• [Work item] Without the pictures, repeat all of the data exactly as it appears below.

• [Exercise materials]
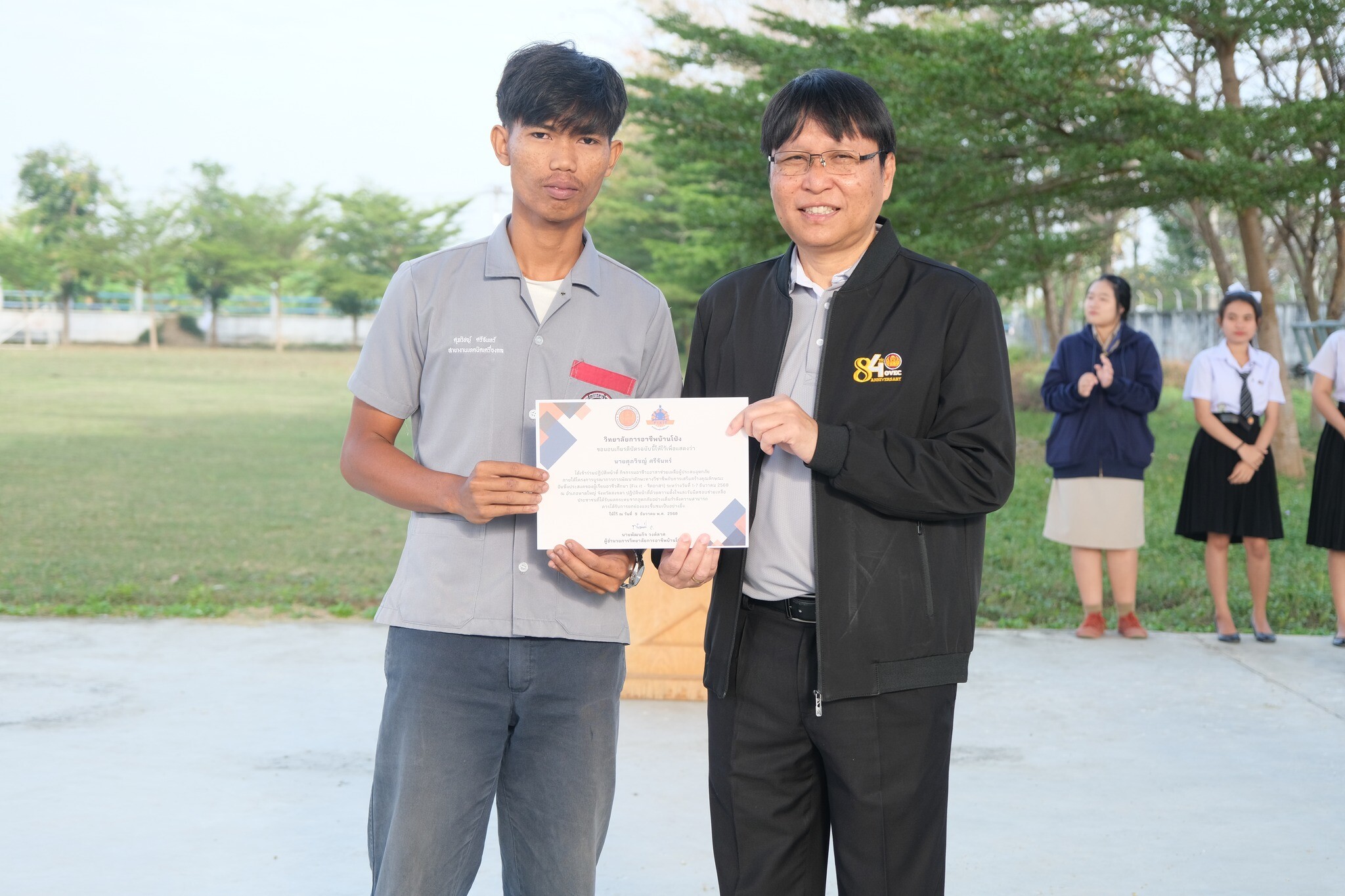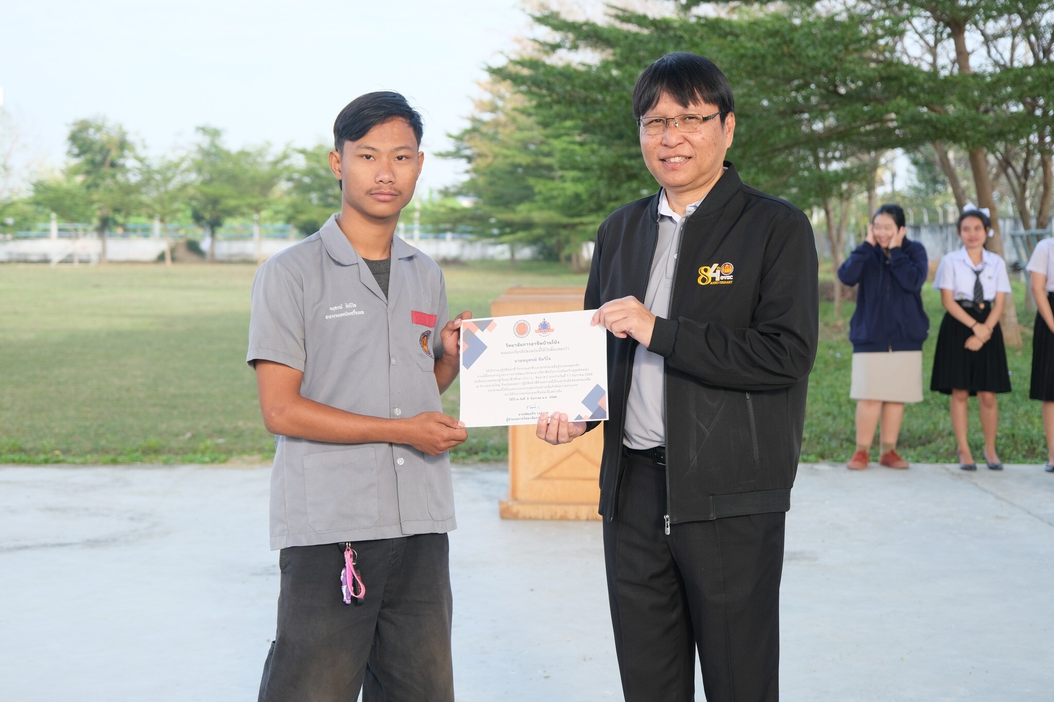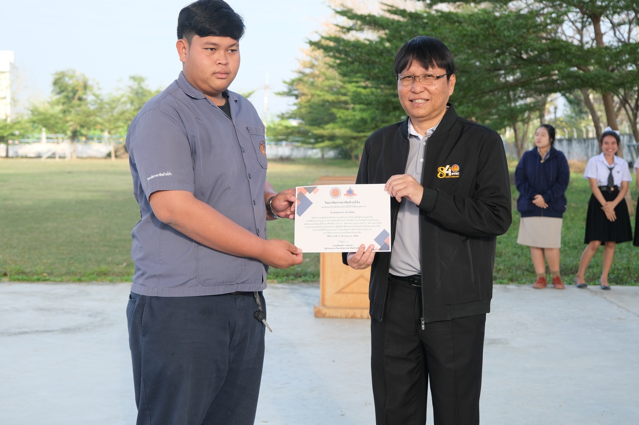 วันที่ 9 ธันวาคม 2568 ดร.พัฒนกิจ วงค์ลาศ ผู้อำนวยการวิทยาลัยการอาชีพบ้านโป่ง มอบเกียรติบัตรให้แก่ตัวแทนครูและนักเรียน นักศึกษา แผนกวิชาช่างยนต์ และช่างไฟฟ้ากำลัง จำนวน 8 คน เป็นตัวแทนช่วยเหลือผู้ประสบอุทกภัย จัดตั้งจุดบริการ Fix it – จิตอาสา เพื่อซ่อมแซมเครื่องใช้ไฟฟ้า รถจักรยานยนต์ในพื้นที่ประสบอุทกภัยจังหวัดสงขลา
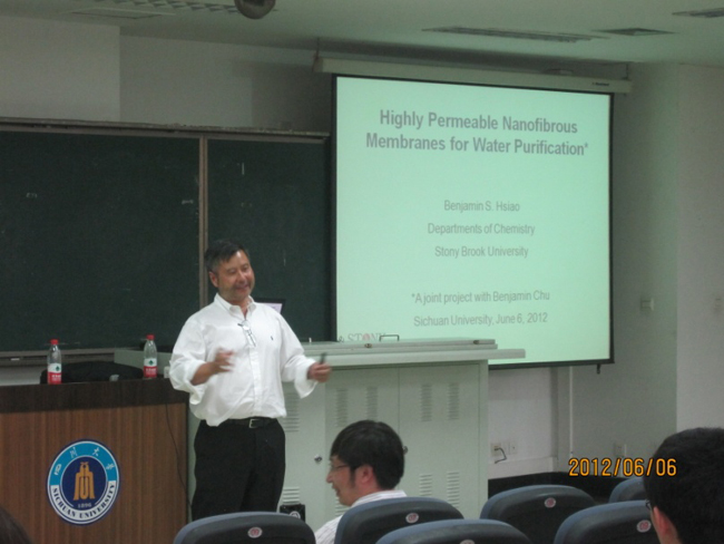 6月6日下午,受我8bo8足球比分 诚挚邀请,美国纽约州立大学石溪分校(State University of New York at Stony Brook)副校长Benjamin S. Hsiao教授为8bo8足球比分live 师生带来了题为“High Permeable Nanofibrous Membranes for Water Purification”的学术交流报告。
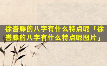 徐誉滕的 🐕 八字特点:
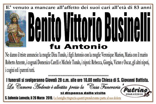 I funerali si svolgeranno Giovedì 28 c.m. alle ore 10.00 nella Chiesa di S. Giovanni Battista.
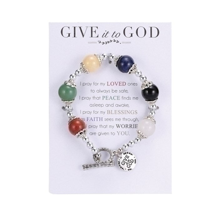 Bracelet-Give It To God-Multicolor Stretch W/Prayer Card (7")
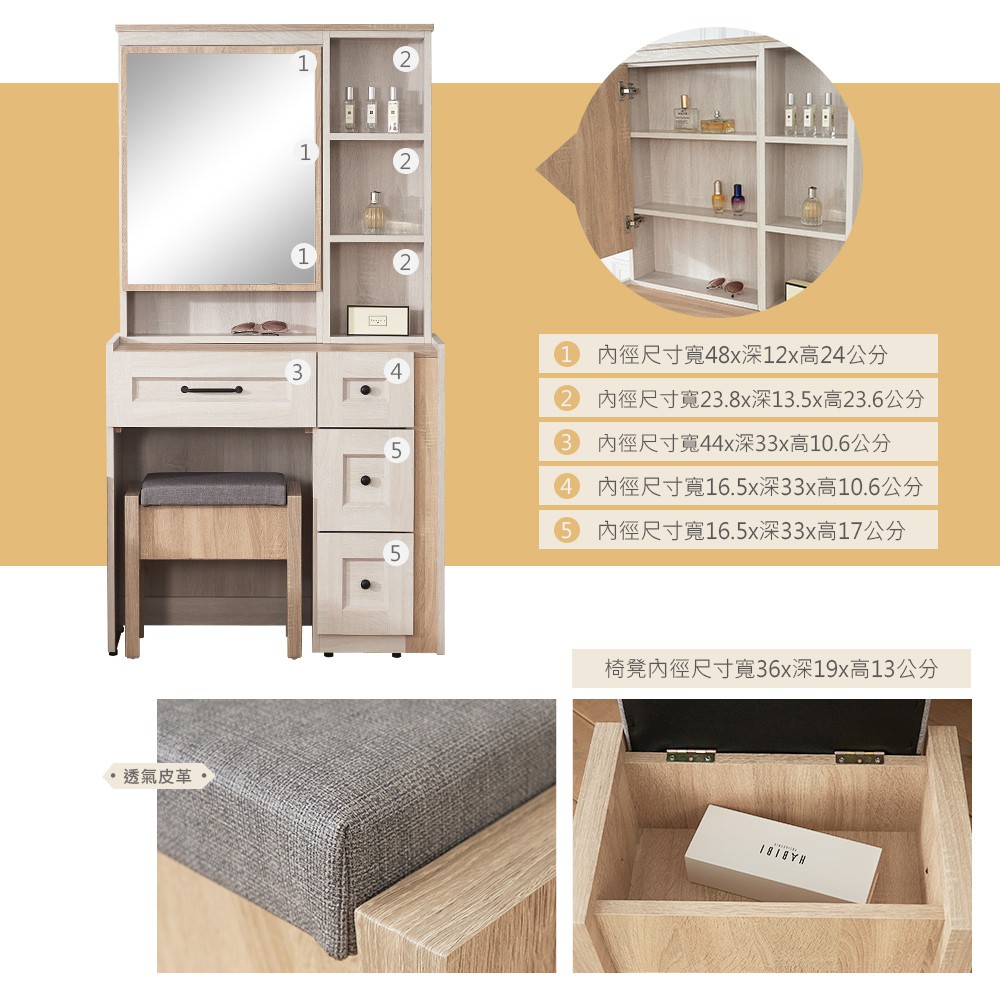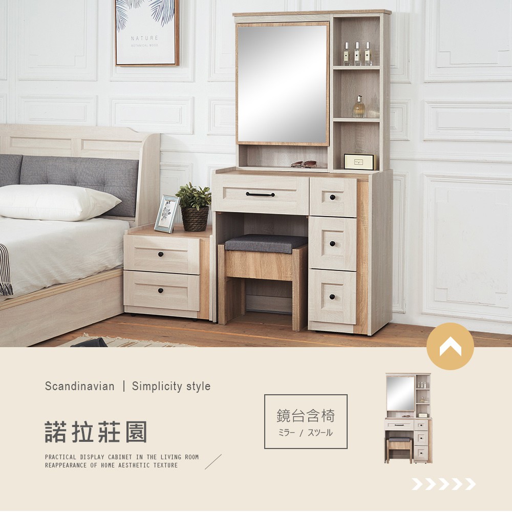諾拉莊園2.7尺鏡台-含椅子

• [The completed task]
 วันที่ 9 ธันวาคม 2568 ดร.พัฒนกิจ วงค์ลาศ ผู้อำนวยการวิทยาลัยการอาชีพบ้านโป่ง มอบเกียรติบัตรให้แก่ตัวแทนครูและนักเรียน นักศึกษา แผนกวิชาช่างยนต์ และช่างไฟฟ้ากำลัง จำนวน 8 คน เป็นตัวแทนช่วยเหลือผู้ประสบอุทกภัย จัดตั้งจุดบริการ Fix it – จิตอาสา เพื่อซ่อมแซมเครื่องใช้ไฟฟ้า รถจักรยานยนต์ในพื้นที่ประสบอุทกภัยจังหวัดสงขลา
 6月6日下午,受我8bo8足球比分 诚挚邀请,美国纽约州立大学石溪分校(State University of New York at Stony Brook)副校长Benjamin S. Hsiao教授为8bo8足球比分live 师生带来了题为“High Permeable Nanofibrous Membranes for Water Purification”的学术交流报告。
 徐誉滕的 🐕 八字特点:
 I funerali si svolgeranno Giovedì 28 c.m. alle ore 10.00 nella Chiesa di S. Giovanni Battista.
 Bracelet-Give It To God-Multicolor Stretch W/Prayer Card (7")
諾拉莊園2.7尺鏡台-含椅子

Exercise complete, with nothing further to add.